All that is needed is the first stretch of the listing below, repeated exactly and ending with the line that contains "Blonde Cosplayer in". Pictures are to be left out.

* * * * * * *

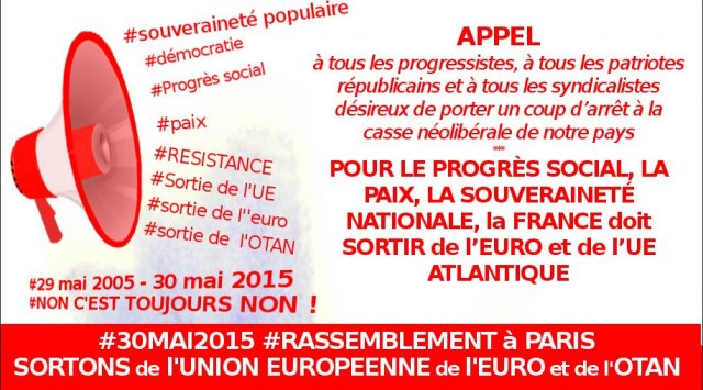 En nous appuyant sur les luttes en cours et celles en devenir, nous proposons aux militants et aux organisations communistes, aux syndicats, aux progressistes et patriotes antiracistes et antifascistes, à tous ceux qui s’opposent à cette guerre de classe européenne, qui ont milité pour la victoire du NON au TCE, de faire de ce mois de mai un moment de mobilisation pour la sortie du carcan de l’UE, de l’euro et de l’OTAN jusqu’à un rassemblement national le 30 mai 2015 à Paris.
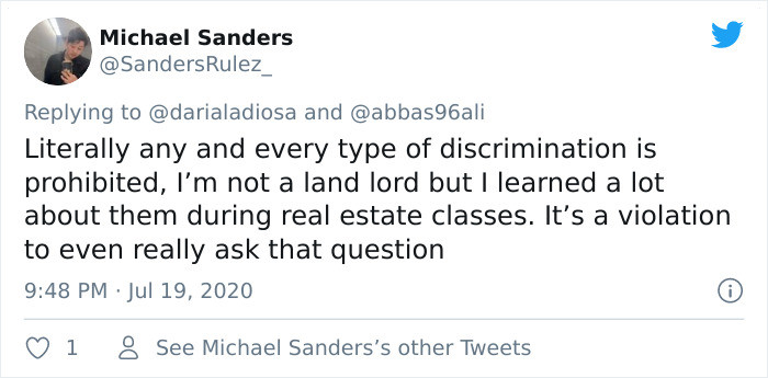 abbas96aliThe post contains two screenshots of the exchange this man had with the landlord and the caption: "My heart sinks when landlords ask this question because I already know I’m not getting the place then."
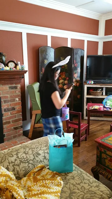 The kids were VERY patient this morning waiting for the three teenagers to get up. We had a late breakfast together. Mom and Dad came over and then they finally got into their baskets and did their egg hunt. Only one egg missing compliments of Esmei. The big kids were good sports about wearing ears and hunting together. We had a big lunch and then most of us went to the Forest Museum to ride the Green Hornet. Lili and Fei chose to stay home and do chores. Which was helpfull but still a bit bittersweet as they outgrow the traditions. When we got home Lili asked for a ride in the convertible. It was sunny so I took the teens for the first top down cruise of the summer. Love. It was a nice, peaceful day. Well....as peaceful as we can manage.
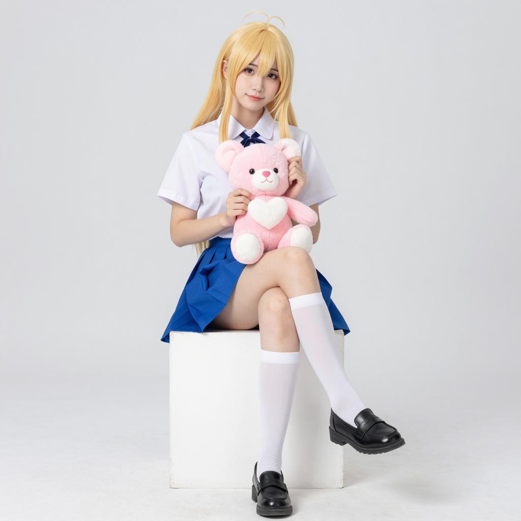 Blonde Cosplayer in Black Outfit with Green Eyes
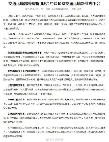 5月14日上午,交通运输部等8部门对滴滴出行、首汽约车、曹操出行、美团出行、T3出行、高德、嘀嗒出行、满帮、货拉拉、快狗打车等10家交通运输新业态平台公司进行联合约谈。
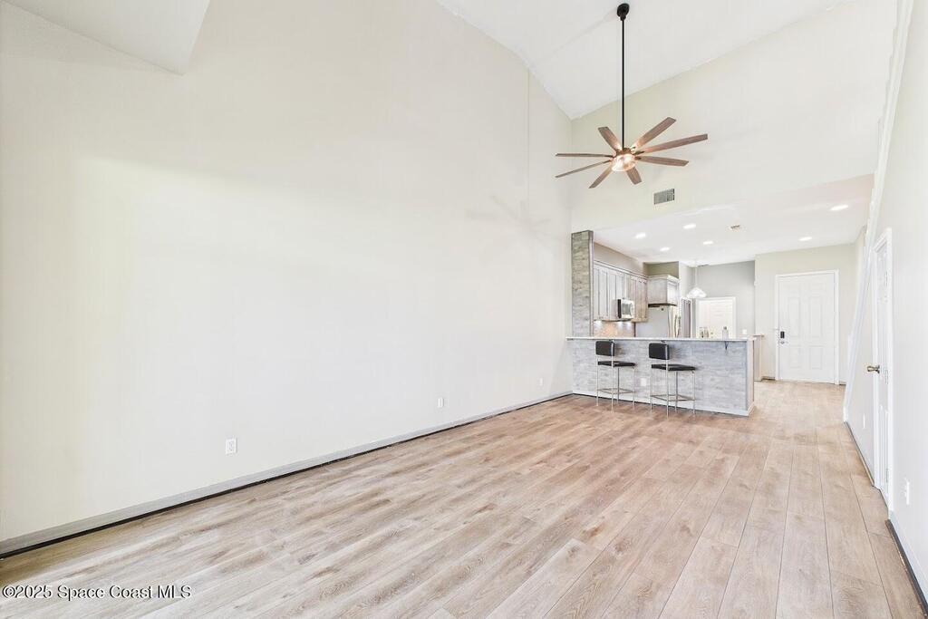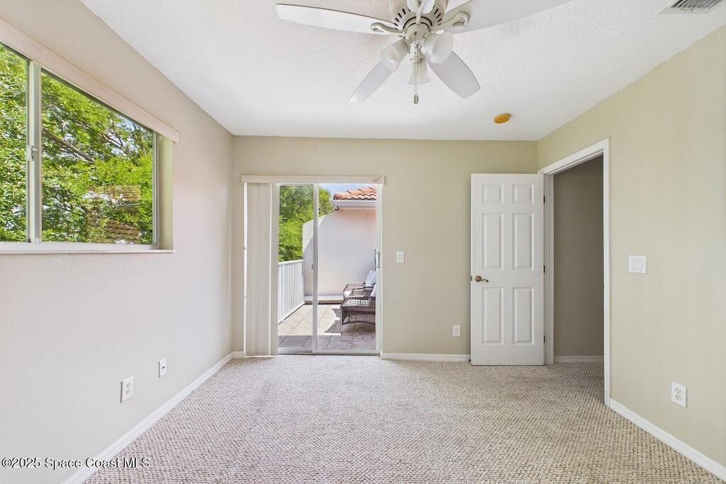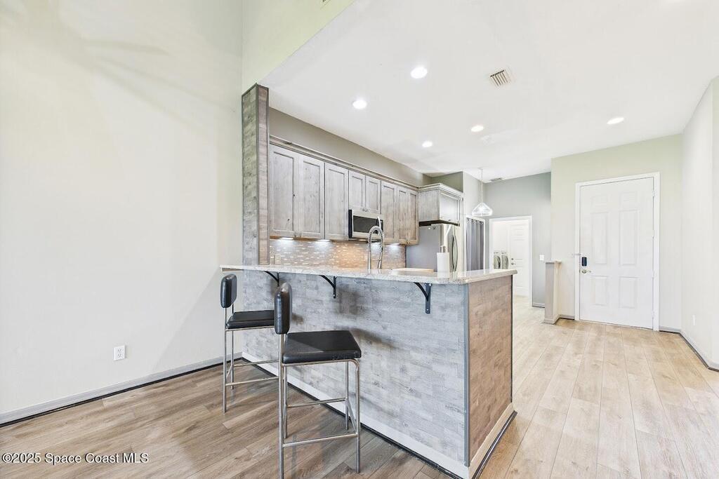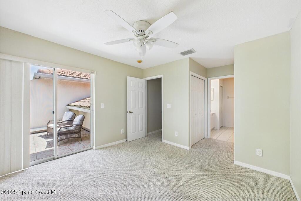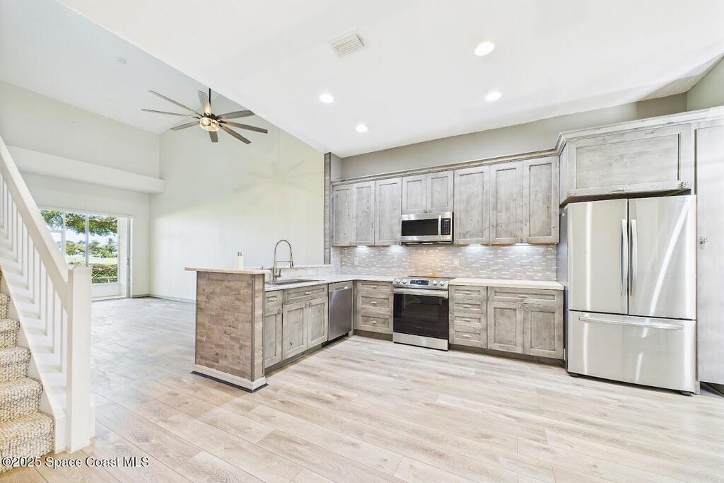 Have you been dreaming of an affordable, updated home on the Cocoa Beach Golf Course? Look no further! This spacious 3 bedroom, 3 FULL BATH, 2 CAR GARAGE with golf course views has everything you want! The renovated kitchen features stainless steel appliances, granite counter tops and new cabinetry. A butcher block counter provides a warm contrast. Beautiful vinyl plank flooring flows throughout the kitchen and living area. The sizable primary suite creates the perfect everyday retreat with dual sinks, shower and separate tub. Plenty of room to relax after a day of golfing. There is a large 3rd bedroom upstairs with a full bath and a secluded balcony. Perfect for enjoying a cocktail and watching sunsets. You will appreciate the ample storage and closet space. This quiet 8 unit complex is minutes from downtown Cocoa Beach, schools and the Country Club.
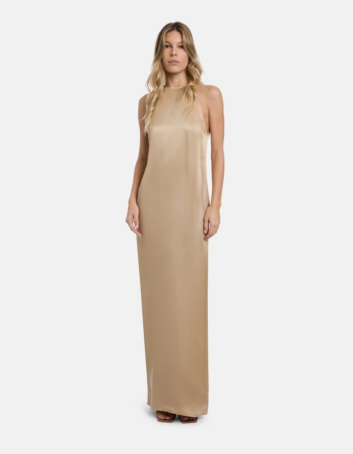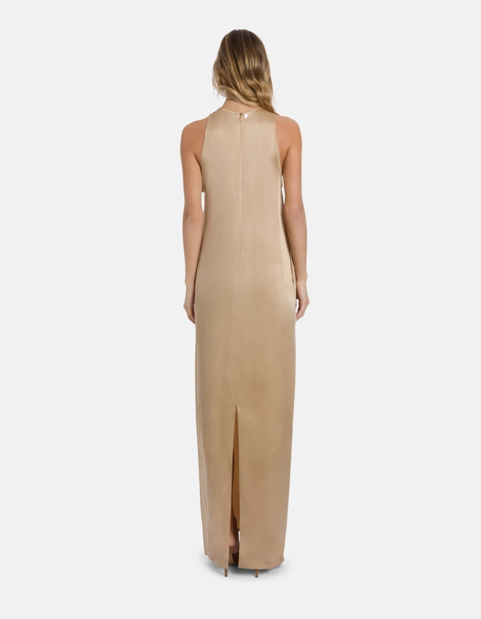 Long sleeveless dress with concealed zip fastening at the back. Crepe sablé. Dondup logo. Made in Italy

* * * * * * *

Answer for this exercise:
 En nous appuyant sur les luttes en cours et celles en devenir, nous proposons aux militants et aux organisations communistes, aux syndicats, aux progressistes et patriotes antiracistes et antifascistes, à tous ceux qui s’opposent à cette guerre de classe européenne, qui ont milité pour la victoire du NON au TCE, de faire de ce mois de mai un moment de mobilisation pour la sortie du carcan de l’UE, de l’euro et de l’OTAN jusqu’à un rassemblement national le 30 mai 2015 à Paris.
 abbas96aliThe post contains two screenshots of the exchange this man had with the landlord and the caption: "My heart sinks when landlords ask this question because I already know I’m not getting the place then."
 The kids were VERY patient this morning waiting for the three teenagers to get up. We had a late breakfast together. Mom and Dad came over and then they finally got into their baskets and did their egg hunt. Only one egg missing compliments of Esmei. The big kids were good sports about wearing ears and hunting together. We had a big lunch and then most of us went to the Forest Museum to ride the Green Hornet. Lili and Fei chose to stay home and do chores. Which was helpfull but still a bit bittersweet as they outgrow the traditions. When we got home Lili asked for a ride in the convertible. It was sunny so I took the teens for the first top down cruise of the summer. Love. It was a nice, peaceful day. Well....as peaceful as we can manage.
 Blonde Cosplayer in Black Outfit with Green Eyes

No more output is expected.